0

I currently have a data frame of frequencies and would like to make a heatmap. The Heat map that I have is not in-depth enough, and I am unsure of how to cluster the data by rows and by columns. What else should I add to my code?

Here is some sample data, to give a solid example, the first 6 rows of my .txt file:

df <- matrix(c("cdr3aa", "Ana-Wk0-CD4", "Ana-Wk27-CD4", "Ana-Wk0-CD8", "Ana-Wk27-CD8", "nonshared", "shared", 
 "CASSLSPSTGNYGYTF", 1.12E-05, 0, 0.067313861, 0.049220624, 0.188215557, 0, 
 "CASCSRTSTDTQYF", 0, 3.19E-06, 0.065083991, 0.034558507, 0.105607859, 0, 
 "CASGGQG_GNQPQHF", 4.61E-04, 2.98E-04, 0, 0, 0.079950136, 0, 
 "CASRLRTGYDTEAFF", 7.50E-06, 6.38E-06, 0.057943843, 0.047042366, 0.073757427, 0, 
 "CAISEWDRAGELFF", 3.75E-06, 1.12E-05, 0.069951496, 0.060104224, 0.060978181, 0, 
 "CASSFPIREESSYNEQFF", 0, 0, 0.018718651, 0.015058722, 0.023803322, 0), ncol = 7, byrow = TRUE)

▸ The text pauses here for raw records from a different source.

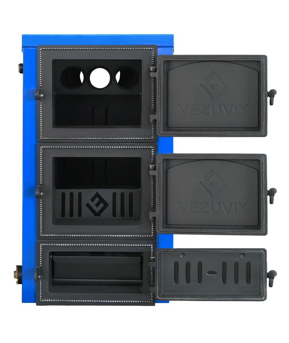 С лицевой стороны котла Везувий Олимп-30 три чугунные герметичные дверки. Верхняя используется для загрузки топлива, средняя для розжига топлива, нижняя для доступа к зольному ящику. Водяная рубашка котла по периметру теплоизолированна базальтовым картоном и закрыта стальным кожухом покрашенным синий краской. Подключение дымохода к котлу горизонтальное, рядом с патрубком дымохода есть прочистной люк.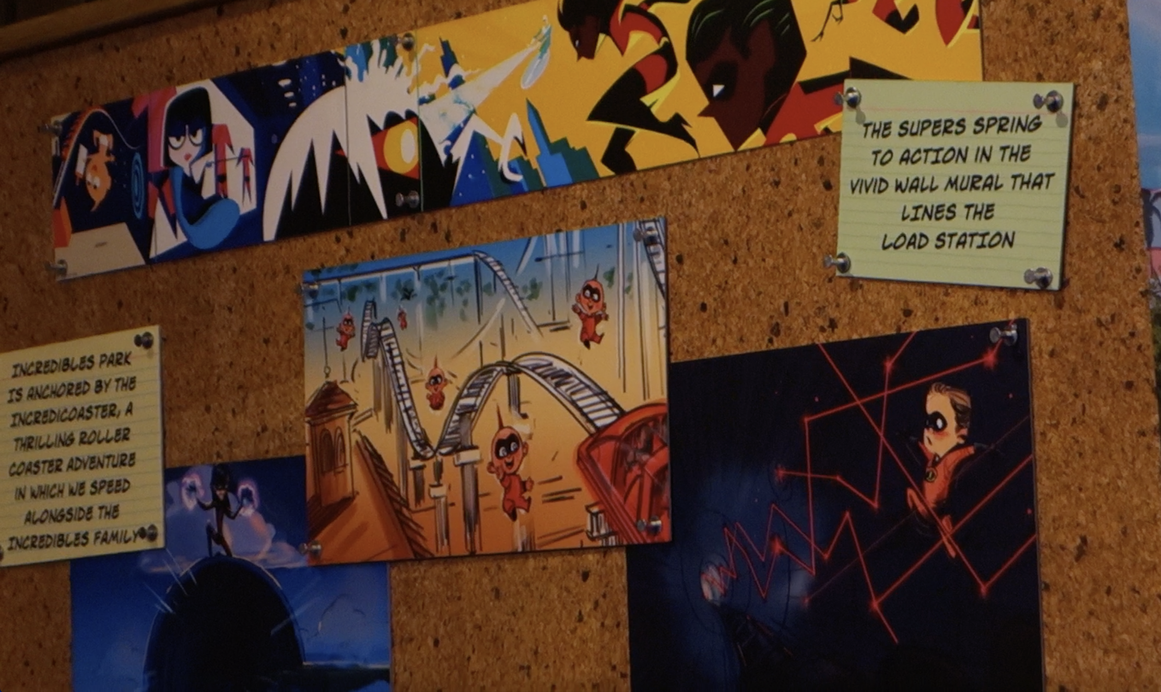 - Artist Teddy Newton worked with Walt Disney Imagineers to create a mural for the Incredicoaster load area, the artwork on a wall of Jack-Jack Cookie Num Nums kiosk, and the arch at the entry of Incredibles Park, one of four neighborhoods in Pixar Pier. These designs feature a bold, abstract, hyper-colored style to contrast with the monotones of the mid-century modern architecture in the rest of the neighborhood. Newton was a character designer on The Incredibles.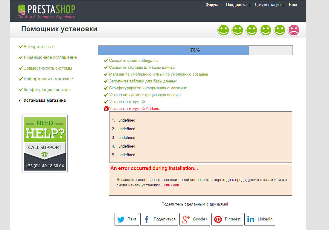 Попытался установить Prestashop 1.0.6.9 (другие версии не интересуют) выдает ошибку на последнем шаге "Установка модулей"... ((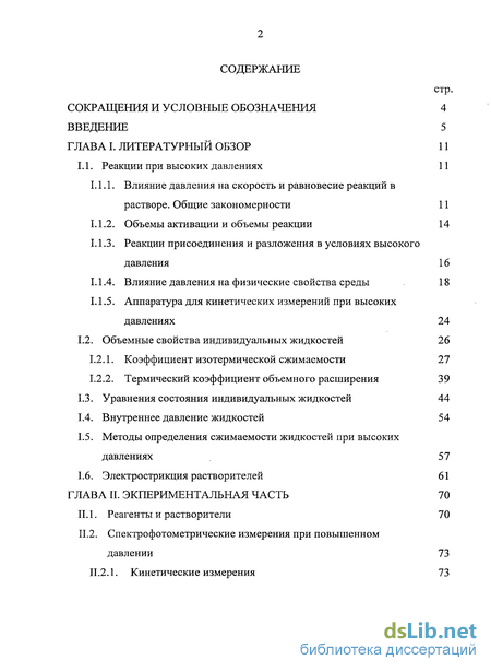 В первой главе изложены теоретические основы применения высокого давления при осуществлении химических реакций, рассмотрены дифференциальные характеристики объема индивидуальных жидкостей, подробно описаны и проанализированы эмпирические и полуэмпирические уравнения состояния жидкостей, представлены экспериментальные методы исследования барической кинетики и измерения сжимаемости жидкостей, рассмотрено понятие внутреннего давления жидкости, также рассмотрено явление электрострикции растворителей.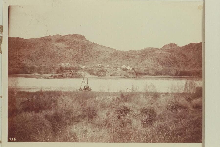 Frank Masland, Jr., on head of Lake Mead near Bureau of Reclamation camp at Bridge Canyon City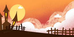 红色城堡万圣节卡通扁平手绘插画背景素材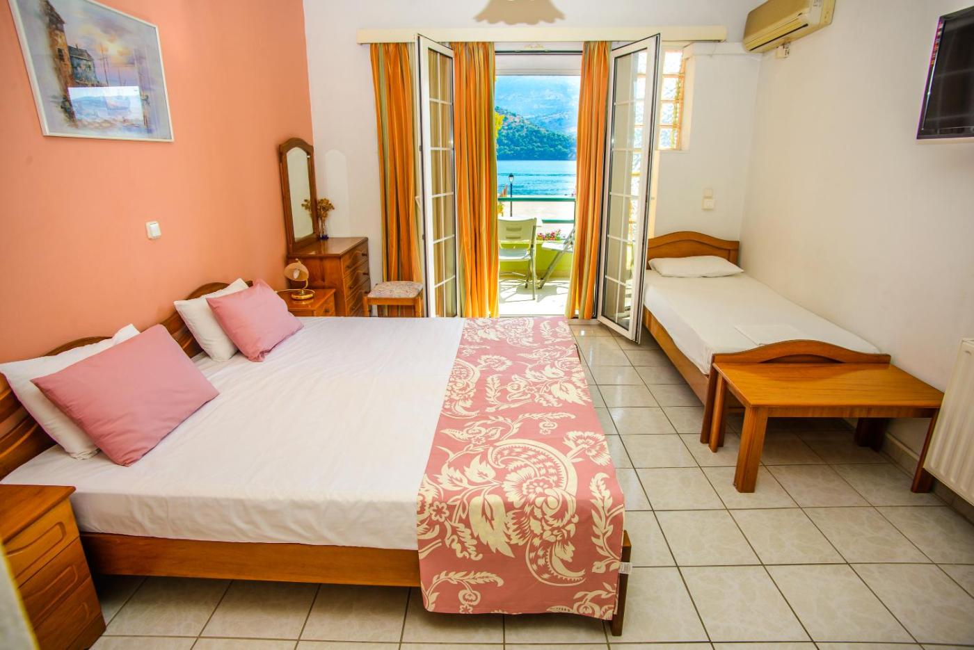 Deluxe Double Room with Balcony and Sea View. Enjoying full views over the Ionian Sea from its balcony, this apartment has a separate bedroom, a seating area and a well-equipped kitchenette. Air conditioning, a TV and free Wi-Fi are available.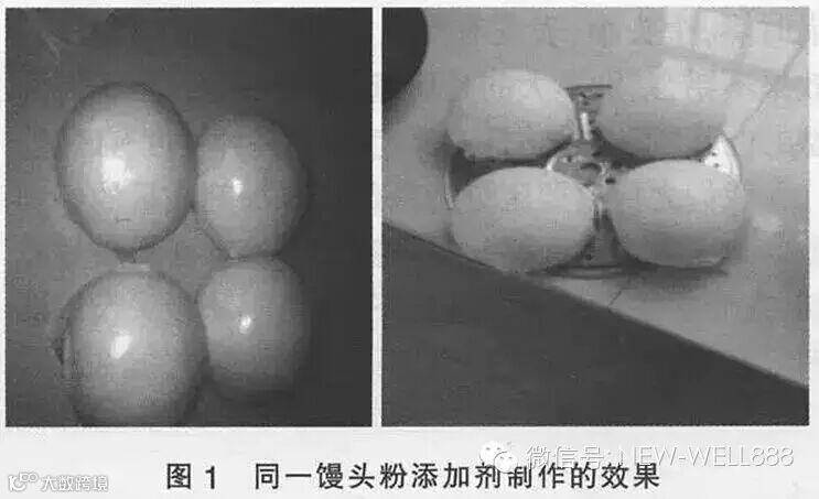 图1是实际操作过程中同一馒头粉添加剂在普通粉和精粉中的大小样差异。
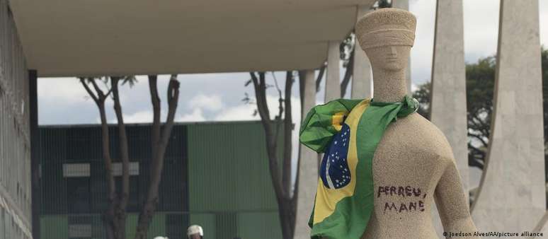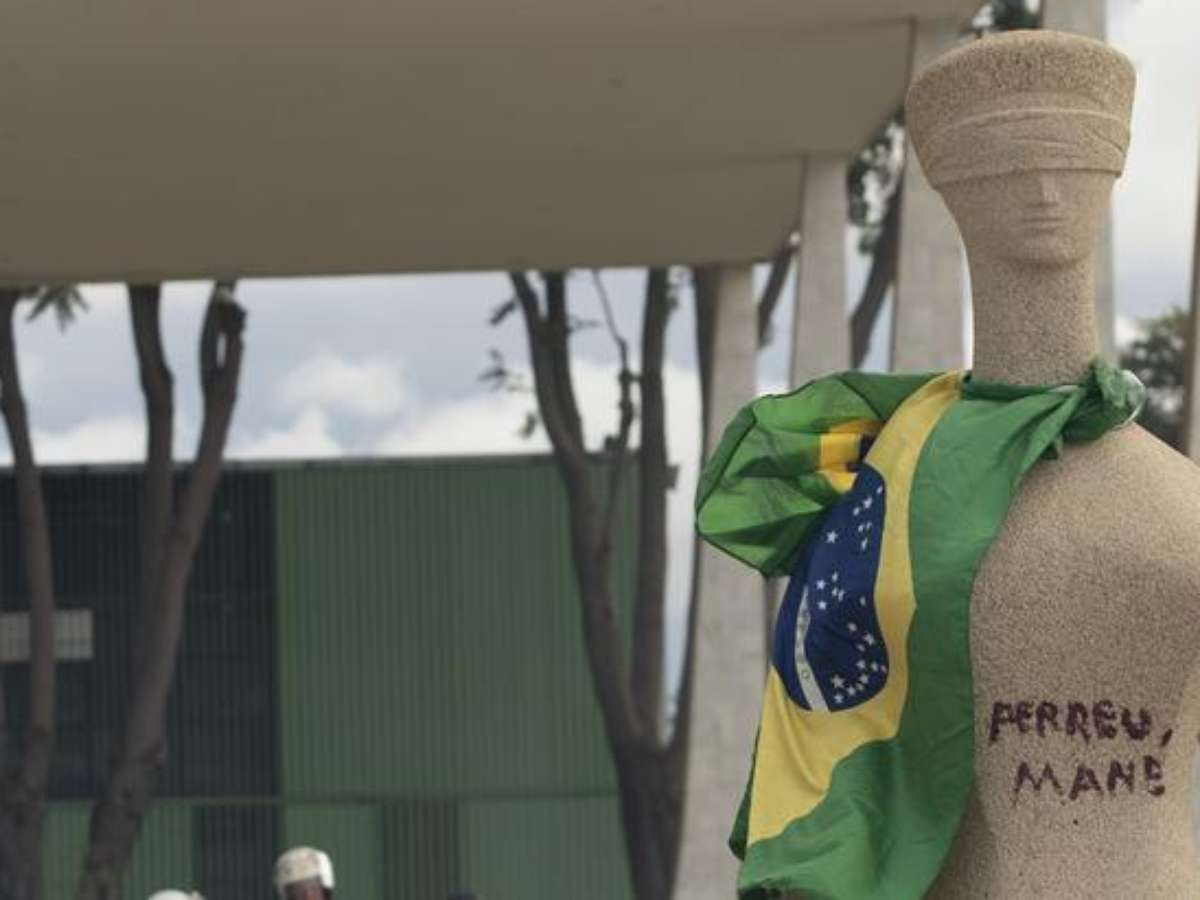 No STF, a escultura "A Justiça", do mineiro Alfredo Ceschiatti, tampouco escapou. A obra, que fica na parte externa do prédio, foi depredada e pichada.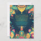 La fachada de la invitación presenta un rico fondo oscuro que contrasta con el amarillo y el turquesa, creando un ambiente llamativo y festivo. En la parte inferior, una única lámpara Diya ornamentalmente detallada brilla con fuerza, sirviendo como punto central del diseño. El amarillo intenso y el turquesa se completan con delicados elementos rosas que le dan un toque de elegancia y alegría. Los motivos ornamentales hindúes se tejen a través del diseño, realzando el encanto tradicional y añadiendo profundidad. Los detalles del evento se muestran en un guión sofisticado que se armoniza con los colores ricos. La parte trasera de la tarjeta continúa con el tema oscuro, proporcionando espacio para el texto del personalizable y los deseos de Diwali, enmarcados por los mismos tonos vibrantes y patrones intrincados. Este diseño ofrece una combinación perfecta de tradición y celebración vibrante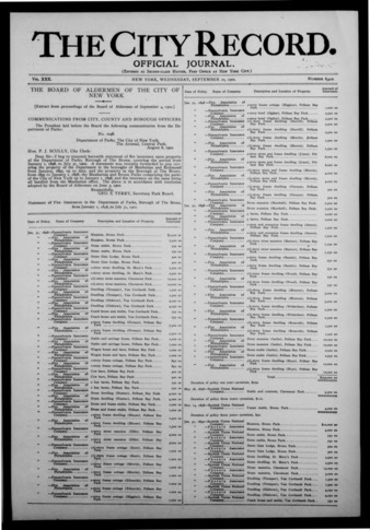 The City Record newspaper publishes notices which includes but is not limited to: public hearings and meetings, public auctions and sales, solicitations and awards and official rules proposed and adopted by city agencies. This is the City Record Newspaper for September 10, 1902.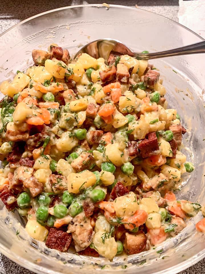 "Bei uns gab es schon zweimal den russischen Salat. Habe meinen Arbeitskolleginnen auch was mitgebracht. Alle waren begeistert! Beim zweiten Mal habe ich sogar noch Kapern dran gemacht...die lieben wir."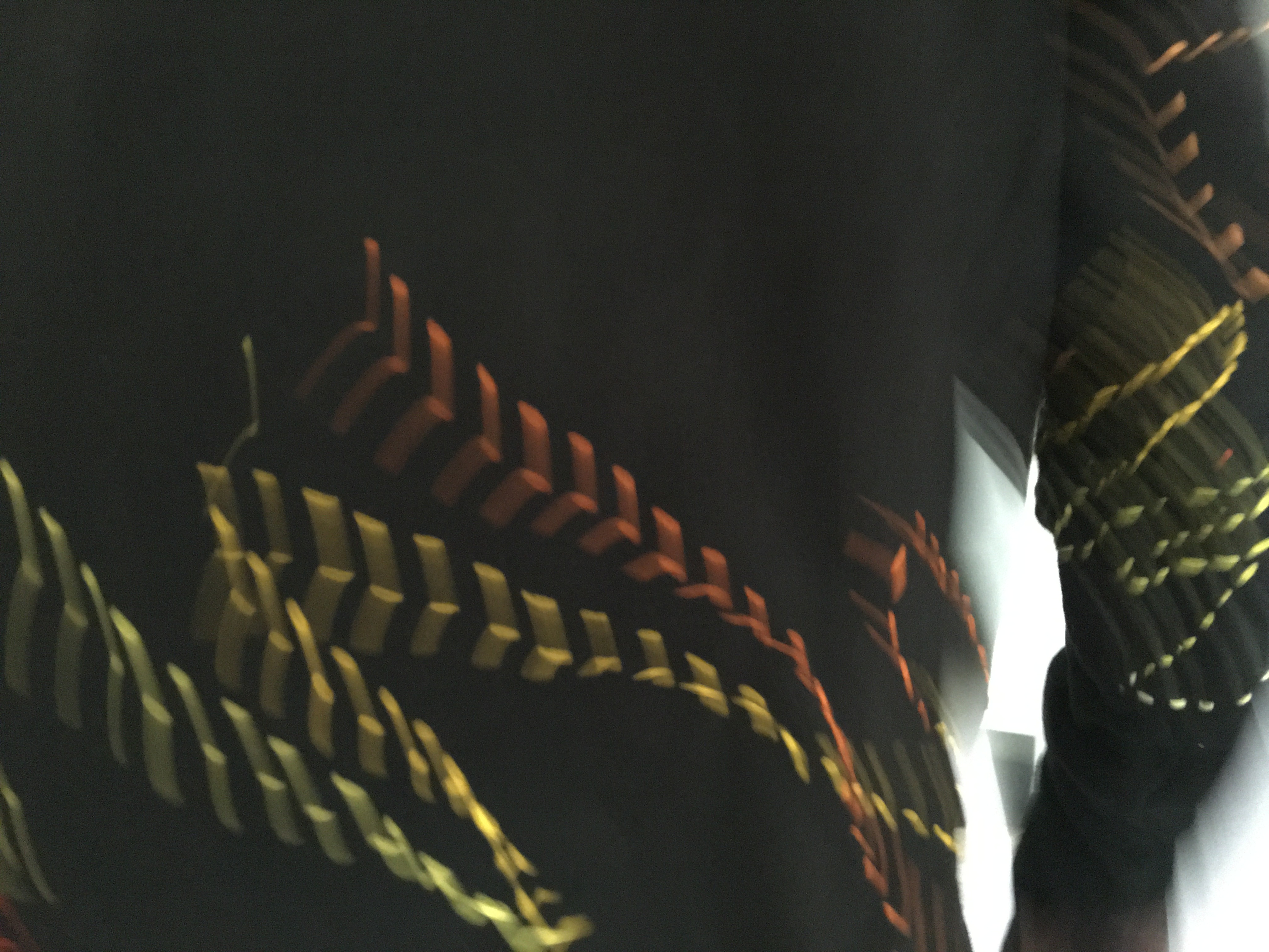 Black, white, yellow embroidery.
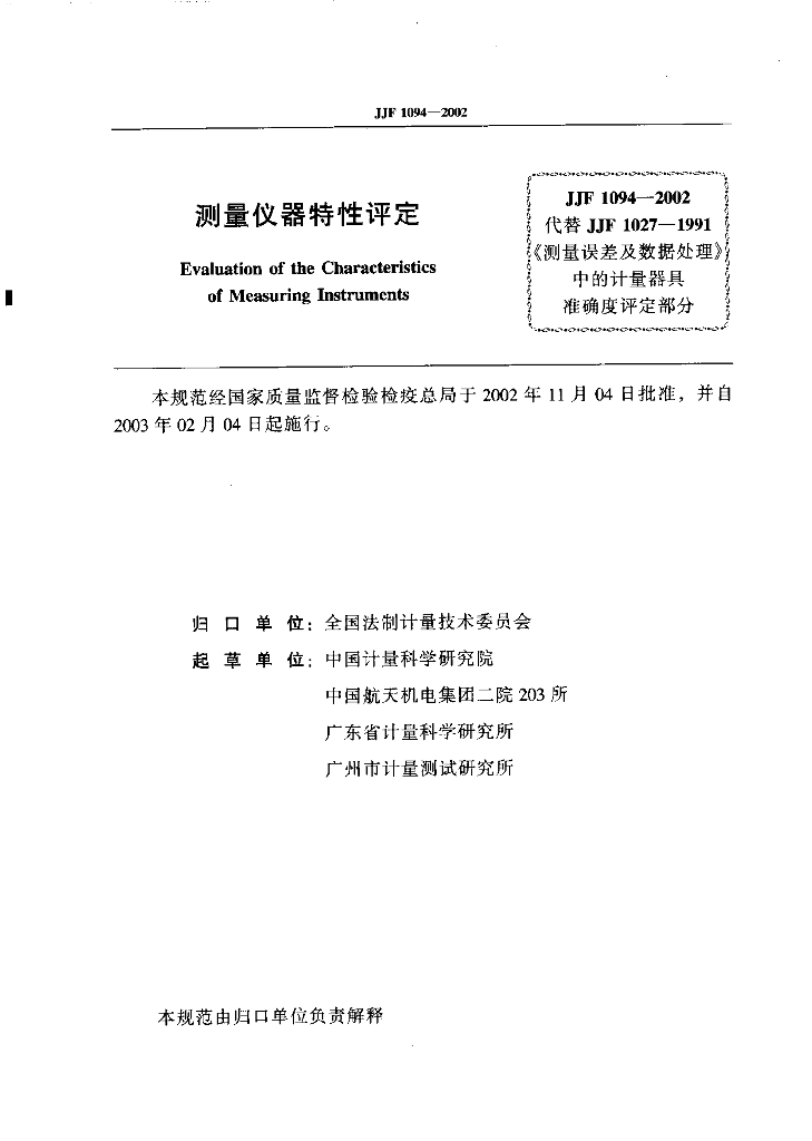 中国计量科学研究院、中国航天机电集团二院203所、广东省计量科学研究所、广州市计量测试研究所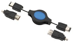 This FireWire (IEEE 1394) Retractable Travel Kit contains two FireWire (IEEE1394) adapters 6 Pin to 4 Pin you need for the connection of devices with 4 Pin FireWire port (e. g. Digital- or Video Camera) or with 6 Pin FireWire port (e. g. mobile hard disk or external drive) to your Notebook/PC with 4 Pin or 6 Pin FireWire port by using the retractable FireWire (IEEE1394) cable 6 to 6 Pin (transfer rate: 400 Mbit/s). Incl. practical travel bag.

This is what I currently have so far:

#Input of data
df <- read.table("TESTING.txt", header=TRUE, comment.char="", sep = "\t")
#Removing the first row
result <-df[-1]    
#Setting the rownames as the CDR3 sequences    
row.names(result) <- df$cdr3aa  

#Making the HeatMap
dt2 <- result %>%
   rownames_to_column() %>%
   gather(colname, value, -rowname)
head(dt2)

ggplot(dt2, aes(x = colname, y = rowname, fill = value)) +
   geom_tile()

This gives me a heatmap like so: Heat Map the is given

Now, I am trying to make my heatmap more like this: A Heat Map with Clustering

As you can see, this heatmap has the clustering of rows that I am looking for and the color scheme that I would like.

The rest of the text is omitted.